Carl Ebert (13 March 1821, Stuttgart - 1 March 1885, Munich) was a German landscape painter.

==Biography==
Following the early death of his parents, his relatives made it possible for him to study at the State Academy of Fine Arts in Stuttgart, with Gottlob Friedrich Steinkopf and Johann Friedrich Dieterich. In 1846, he went to Munich, where he became a private student of Eduard Schleich, and often visited the Alte Pinakothek to study the works of the Old Masters.

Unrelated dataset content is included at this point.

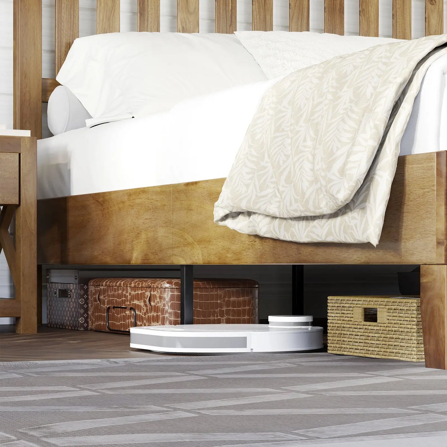 The 7.3" solid wood legs and under-bed storage feature add both aesthetic charm and practical functionality to the bed frame. The under-bed storage is a valuable feature for maximizing space in smaller bedrooms or organizing belongings neatly out of sight.With a weight capacity of up to 1,000 lbs, this bed frame offers exceptional strength and stability, accommodating individuals of different sizes and ensuring a safe and comfortable sleeping experience.

Together with Friedrich Salzer and Richard Zimmermann, he visited the artists' colonies at Polling and Eberfing. After that, he devoted himself entirely to landscape painting; especially forest scenes. He also paid a visit to the Exposition Universelle (1855), where he first came under the influence of the Barbizon school.

Later, he accompanied Schleich and Carl Morgenstern on study trips to France, Belgium, and the Netherlands. He also made trips to Italy in 1857 and 1872, and spent several months in Bosnia in 1881.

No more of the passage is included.